The rest of the mall's spare land will likely go the same way, parking turned into freestanding pads. The 70 acres the new owner bought around the building could be used for housing or more restaurants.

The JCPenney Deal, the Inline Turnover, and What People Come For

Not everything went through.

A $947 million sale of JCPenney's real estate across 119 properties, the Bellis Fair store included, fell apart at the end of December 2025 when it did not close, and the two companies went to court while the store kept operating on its lease.

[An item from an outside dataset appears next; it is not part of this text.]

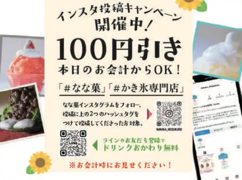 『なな菓』では、公式インスタグラムアカウントをフォローし、「#なな菓」、「#かき氷専門店」の2つのハッシュタグをつけて投稿してくださったお客様に、当日のお会計の総額から100円をお値引きするインスタグラムキャンペーンを開始いたしました。下記の詳細をご覧の上、ぜひご利用ください。 |

The inline shops kept turning over.

GameStop and Attic Salt were gone, New York Jewelry was moving into the old Kay Jewelers space, and Forever 21 had closed near the food court in April 2025, with Spirit Halloween taking the spot for a season.

In 2026, the mall counted 74 tenants across 103 retail spaces.

Walk it now, and the inline stores are names like American Eagle, Hot Topic, Journeys, Maurices, Torrid, Vans, Victoria's Secret, and Zumiez, with salons and a barber academy mixed among them.

The food court and restaurants run to Buffalo Wild Wings, Chipotle, Panda Express, Subway, Cinnabon, and Seoul Kitchen.

Bellis Fair Mall in Bellingham, WA
Bellis Fair Mall in Bellingham, WA

The mall is not the one that opened in 1988. Sears is gone, with Mervyn's, the Bon Marche name, the Nordstrom store, the cinema, and the carloads of Canadian shoppers.

Target, JCPenney, Kohl's, and Macy's still hold the same concourse, open eleven to eight most days.

People come now for what a mall has always offered and for things it was never about: a run to Target or Dick's, lunch in the food court, and also a library card, a wrestling class, a day of high school.

When the downtown Central Library closes for its $8.5 million renovation in late 2026 or early 2027, the Bellis Fair branch will grow to cover for it.

A mall built to draw people away from downtown will spend that year standing in for it.